After completing these prerequisites, create a new C# project in the new baseline directory:
dotnet new console -o benchmarks
cd benchmarks
This directory will contain two files: benchmarks.csproj (the project file that contains information about how the application should be built) and Program.cs (the application’s code). Replace the entire contents of benchmarks.csproj with the following:
Exe
net8.0;net7.0
Preview
enable
true
true
The above project files tell the build system that we want:
- Build a runnable application (not a library);
- Ability to run on .NET 8 and .NET 7 (so that BenchmarkDotNet can run multiple processes, one with .NET 7 and one with .NET 8, to be able to compare results);
- Even if C# 12 has not yet been officially released, you can still use all the latest features of the C# language;
- Automatically import common namespaces;
- Ability to use the unsafe keyword in code;
- And configure the garbage collector (GC) to its “server” configuration, which affects the trade-off it makes between memory consumption and throughput (this is not strictly necessary, I’m just used to using it, and it is the default setting for ASP.NET applications).
The final extracts BenchmarkDotNet from NuGet so that we can use the library in Program.cs. (A few benchmarks require the addition of additional packages; I’ve noted these where applicable.)
For each benchmark, I have included the complete Program.cs source code; just copy and paste that code into Program.cs, replacing its entire contents.
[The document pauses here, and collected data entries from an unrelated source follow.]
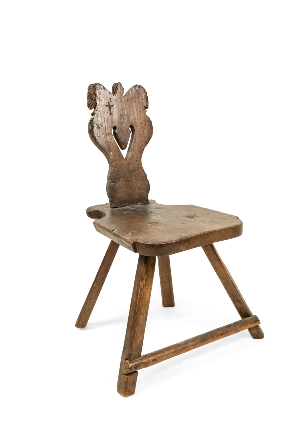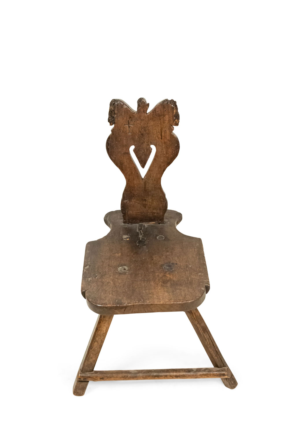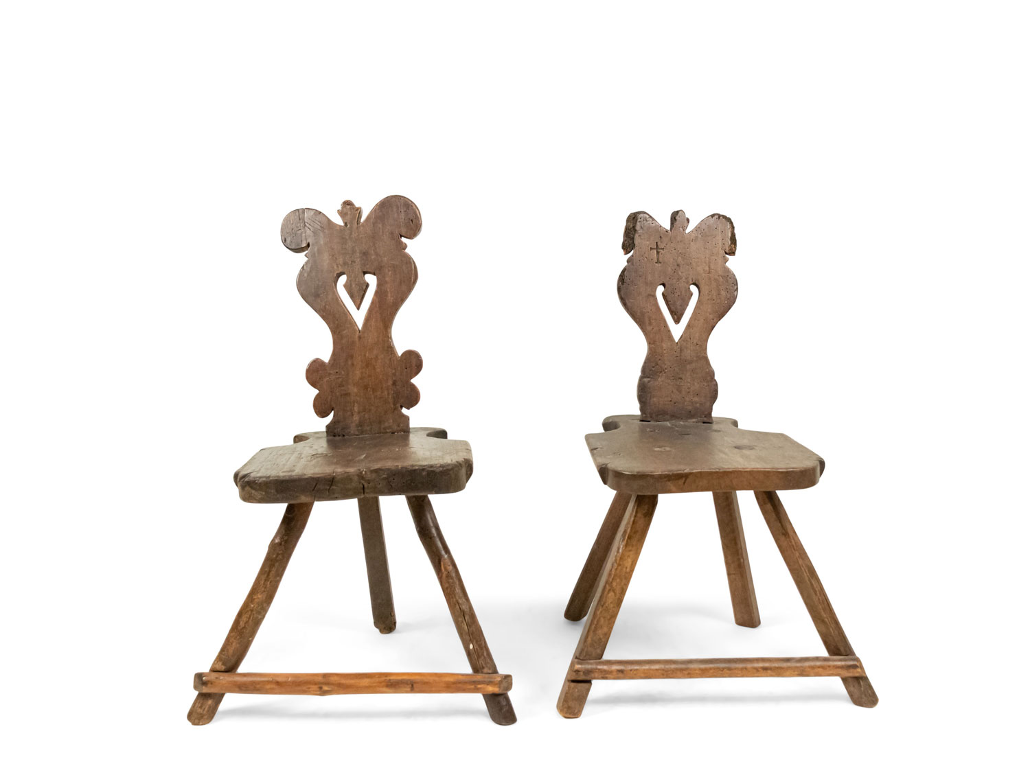 4 Similar Italian Renaissance style (17th Cent) walnut (sgabelli with narrow shaped back having a "V" cut (2-4 legged; 2-3 legged) (PRICED EACH)(one with incised cross)
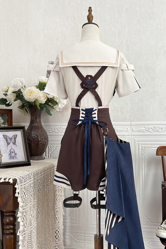 Train Shirt Blue Sailor Overall + Collar Shorts Ouji Steampunk Striped Brown Outfit Lolita -
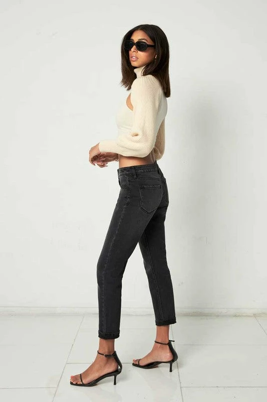 These trendy jeans are such a must-have style for any season! Features a retro 90’s straight leg design in a dark grey wash to give it that next level of style. Five pocket denim style, with button and zip closure.
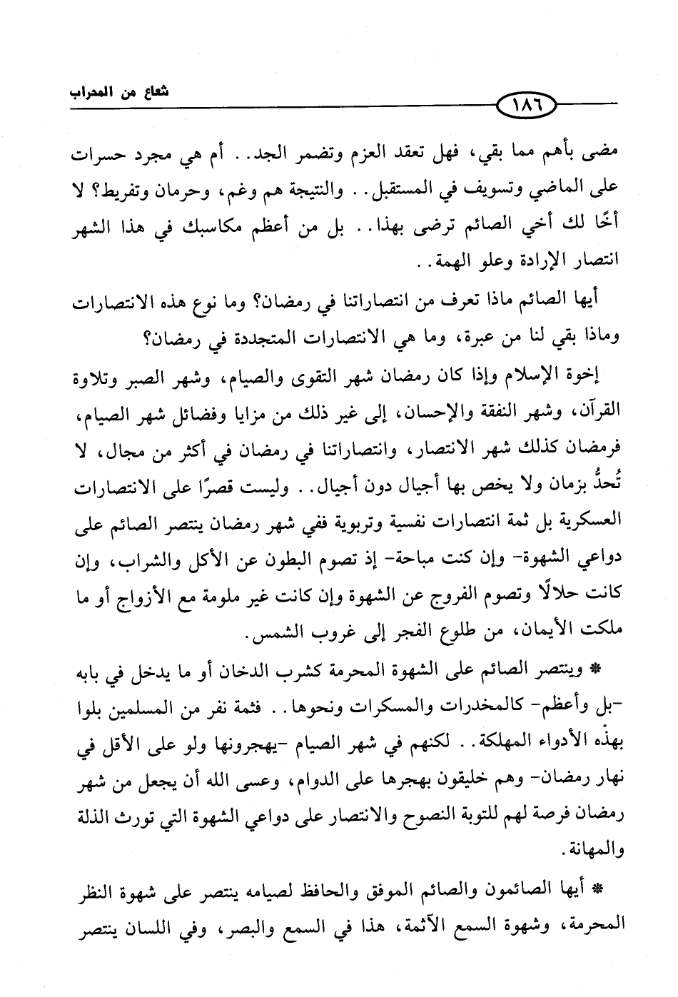 * وينتصر الصائم على الشهوة المحرمة كشرب الدخان أو ما يدخل في بابه- بل وأعظم- كالمخدرات والمسكرات ونحوها .. فثمة نفر من المسلمين بلوا بهذه الأدواء المهلكة .. لكنهم في شهر الصيام- يهجرونها ولو على الأقل في نهار رمضان- وهم خليقون بهجرها على الدوام، وعسى الله أن يجعل من شهر رمضان فرصة لهم على التوبة النصوح والانتصار على دواعي الشهوة التي تورث الذلة والمهانة.
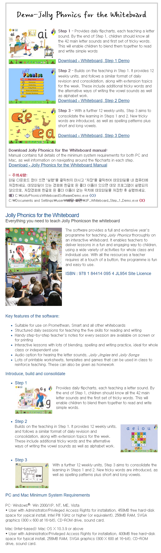 The software provides a full and extensive year's programme for teaching Jolly Phonics thoroughly on an interactive whiteboard. It enables teachers to deliver lessons in a fun and engaging way to children, using a wide variety of activities for whole class and individual use. With all the resources a teacher requires at a touch of a button, the programme is fun and easy to use.
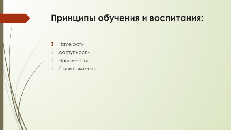 Слайд 8Принципы обучения и воспитания:
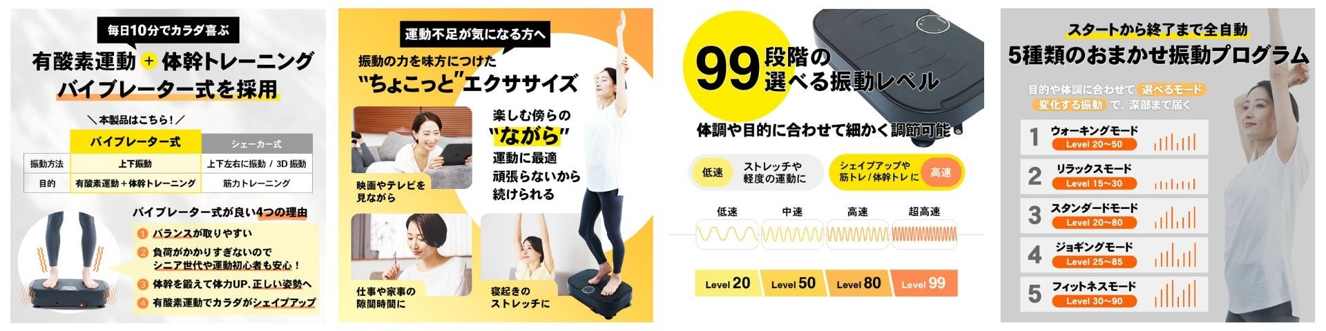 本製品の開発において最重視したのは、確かな機能性と利便性に裏打ちされたデザインのスマートさ。ECモールなどで販売されている数十種類のモデルとそのお客様の声を徹底分析し、よくある“いかにも健康器具”なデザインを覆し、引き算による機能美と上品なマットカラーで部屋に出しておきたくなる洗練された外観に仕上げました。また、マシン選びのポイントである振動については、3Dや上下左右の動きで主に筋力トレーニングをサポートするシェーカー式ではなく、運動に苦手意識を持つ方やシニア世代、産後のママにもお使いいただきやすいよう、上下振動を体幹で受け止めながら乗るだけで有酸素運動と体幹トレーニングを同時に行えるバイブレーター式を採用し、運動不足の解消や体力強化、スタイルアップなど幅広いニーズに対応しました。最大振動回数は1分間に850回の超高速スピードを実現しており、振動レベルは目的や体調、気分に応じて99段階の調節が可能です。さらに、5種類のオートモードを搭載しているため、忙しい方や運動初心者でも複雑な設定を行わずにクイックに運動を開始できるのも嬉しいポイントです。
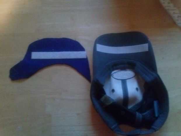 Corte una tira y coloque un lado en el interior de su sombrero. Tengo pereza y acabo de hacer una tira continua, pero si lo desea puede utilizar múltiples piezas.
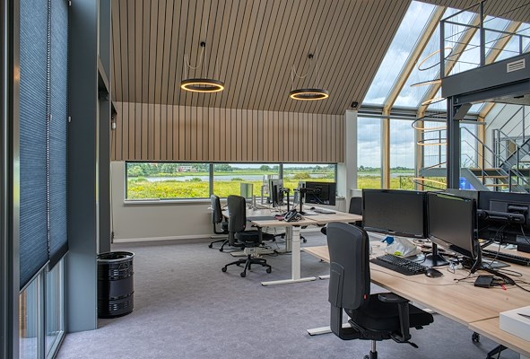 De drie verdiepingen van het pand zijn intern ruimtelijk met elkaar verbonden door trappen en vides. Zo ontstaan interessante zichtlijnen en een doorlopende kantoorvloer over meerdere lagen die de samenwerking tussen de medewerkers bevordert. Strategisch geplaatste gevelopeningen bieden medewerkers en bezoekers een panoramisch beeld over de uiterwaarden en de Rijn.
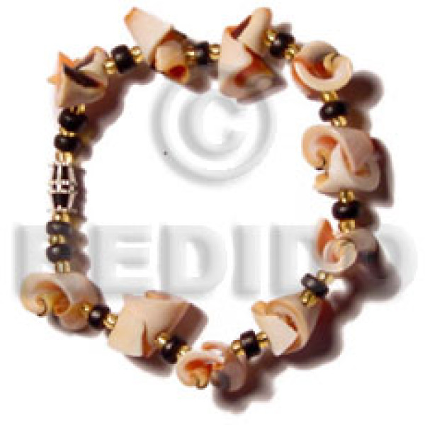 4 pcs. zebra kukui nut buri tiger seeds, white rose, metallic wood beads combination in endless met..
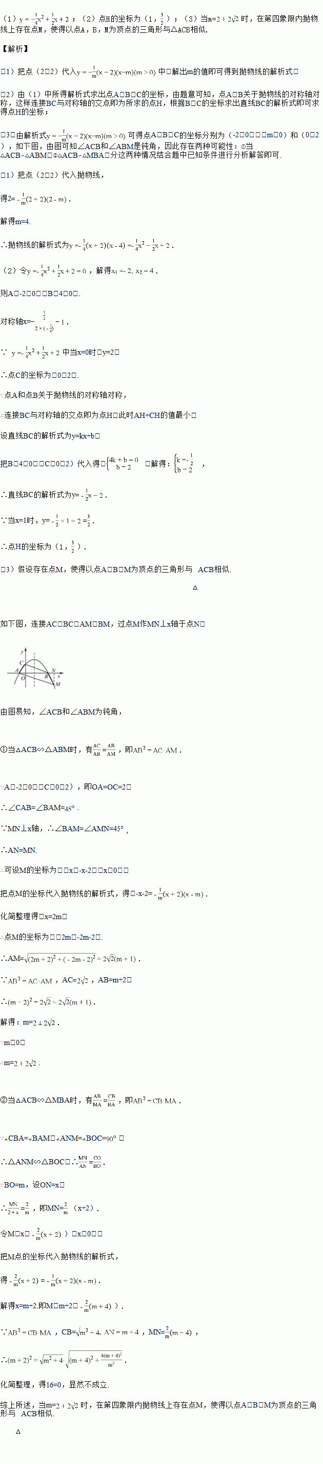 (3)在第四象限内,抛物线上是否存在点M,使得以点A,B,M为顶点的三角形与△ACB相似?若存在,求出m的值;若不存在,请说明理由.
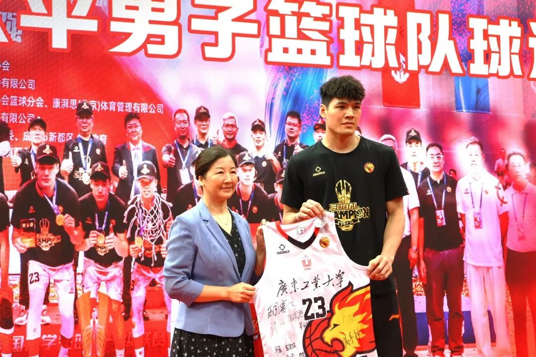 随后,球员代表陈国豪向学校赠送迎接本科办学65周年签名球衣,环亚手机版登录入口校党委副书记朱蔚蔚代表学校接受球衣。
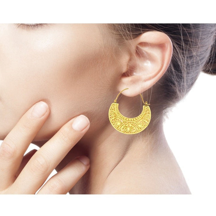 Ornate 22k Gold Vermeil Hoop Earrings from Indonesia 'Garden of Eden'
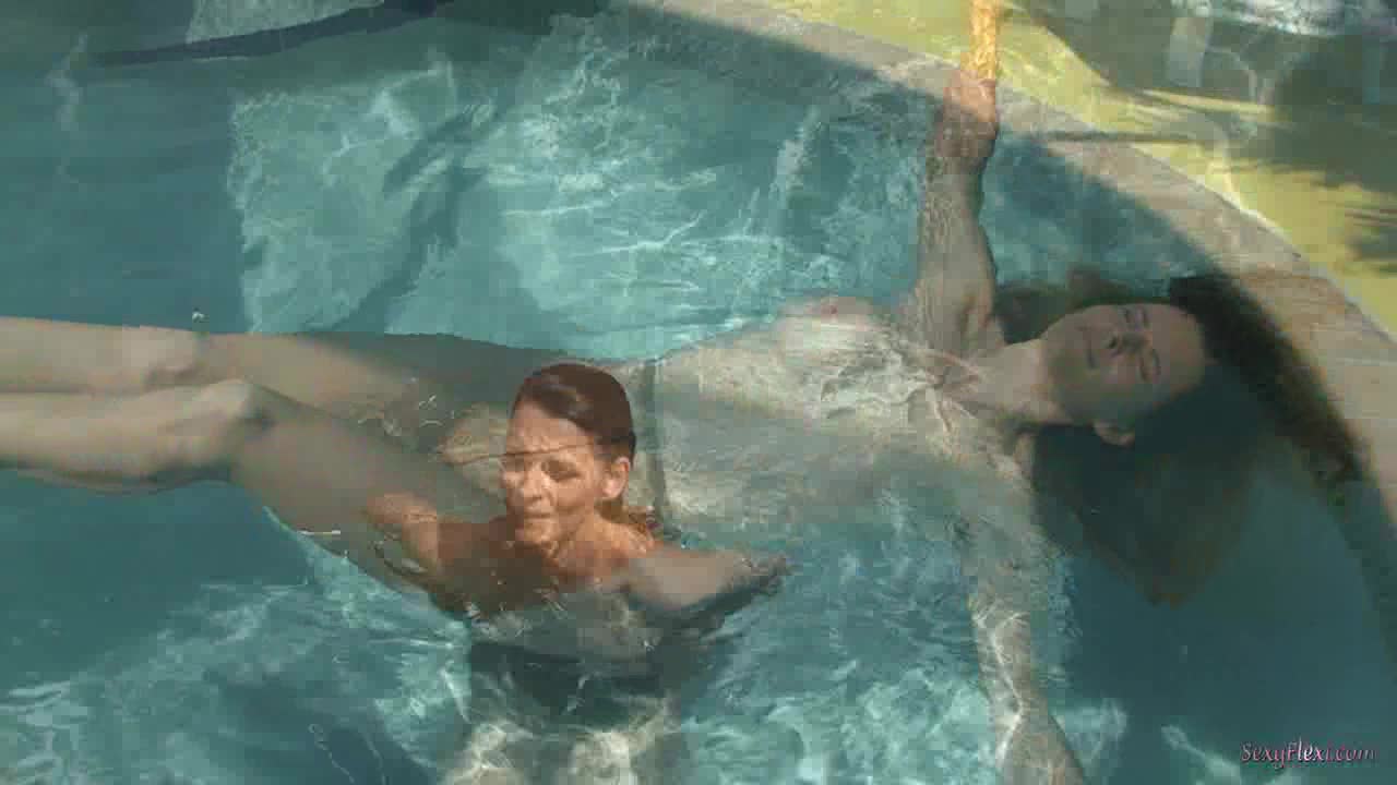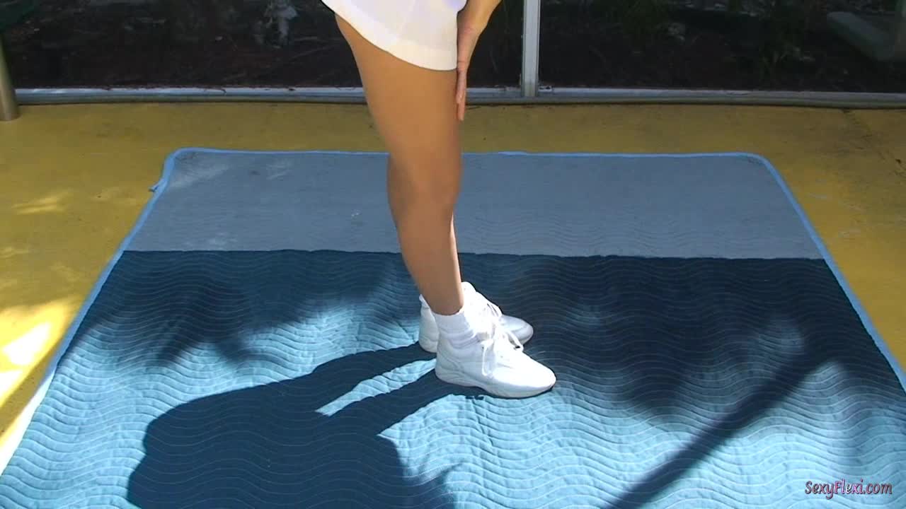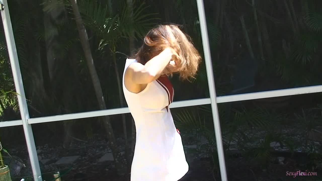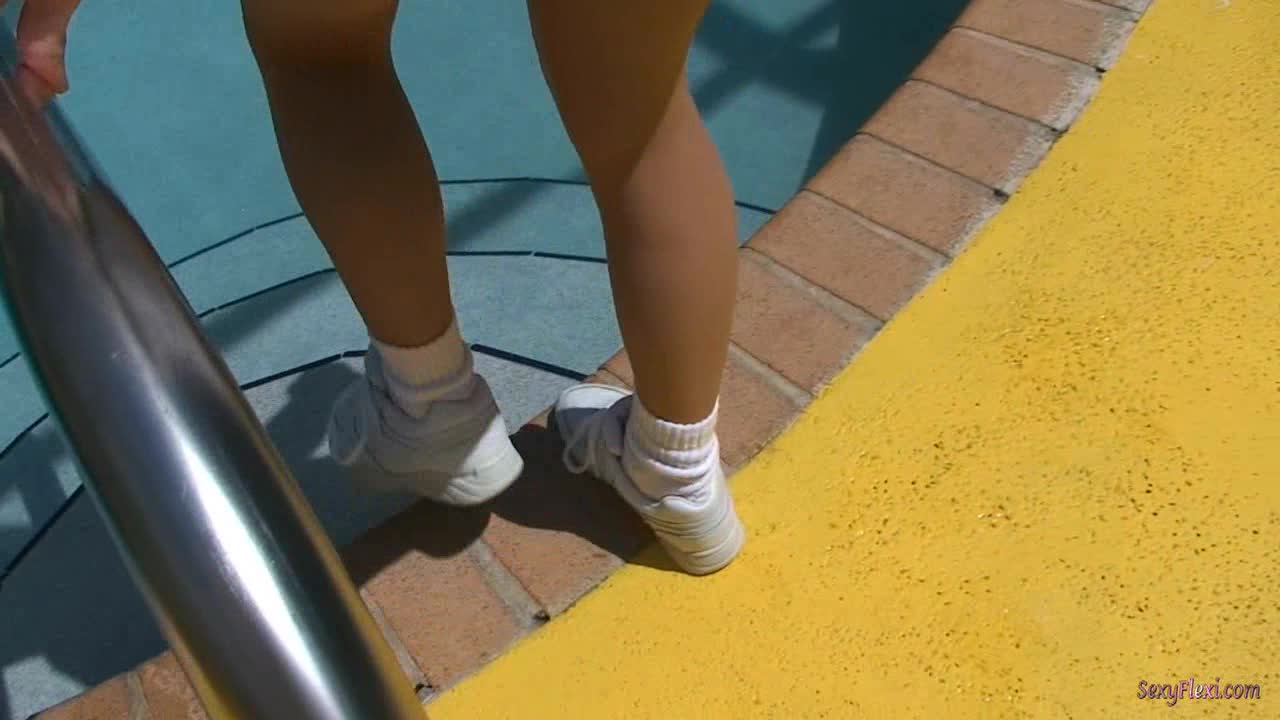 Chantelle in a tennis dress with socks and pantyhose in the pool

Within each test, you’ll notice that you can apply multiple properties to the Tests class. The [MemoryDiagnoser] attribute indicates that I want it to track managed allocations, the [DisassemblyDiagnoser] attribute indicates that I want it to report the actual assembly code generated by the test (which, by default, also calls a function at one level of the test), and the [HideColumns] attribute simply Suppressed some data columns that BenchmarkDotNet might emit by default but are unnecessary here.
After this, running the benchmark is simple. Each displayed test also includes a comment describing the dotnet command to run the benchmark. Usually, it looks like this:
dotnet run -c Release -f net7.0 --filter "*" --runtimes net7.0 net8.0
The above dotnet run command:
- Build the benchmark with Release. This is very important for performance testing because in Debug builds most optimizations in the C# compiler and JIT compiler are disabled.
- Host project for .NET 7. Typically, when using BenchmarkDotNet, you want to target the lowest common denominator of all runtimes you want to execute, to ensure that all APIs used are available where they are needed.
- Run all benchmarks throughout the program. The –filter parameter can narrow the scope to run only the desired subset of benchmarks, but “*” means “run all benchmarks”.
- Run tests on .NET 7 and .NET 8.
Throughout this article, I show a number of benchmarks and the results I get when I run them. All code works correctly on all supported operating systems and architectures. Unless otherwise noted, benchmark results were run on Linux (Ubuntu 22.04) (x64 processor). My standard caveat: these are microbenchmarks that typically measure very short operating times, but when improvements in these times are performed over and over again, their impact is significant. Different hardware, different operating systems, other running programs, your current mood and what you had for breakfast can all affect the numbers involved. In short, don’t expect the numbers you see to exactly match the numbers I report here, although I chose examples where the magnitude of the difference is completely repeatable.
Now, let’s get started…
JIT
Code generation occurs throughout every line of code we write, and the quality of code generated by the compiler is critical to the end-to-end performance of an application. In .NET, this is Just-In-Time (JIT) programmingPreviously, the JIT always used the CastHelpers.ChkCastAny method to perform conversions, but with this change, it inlines a faster path to success.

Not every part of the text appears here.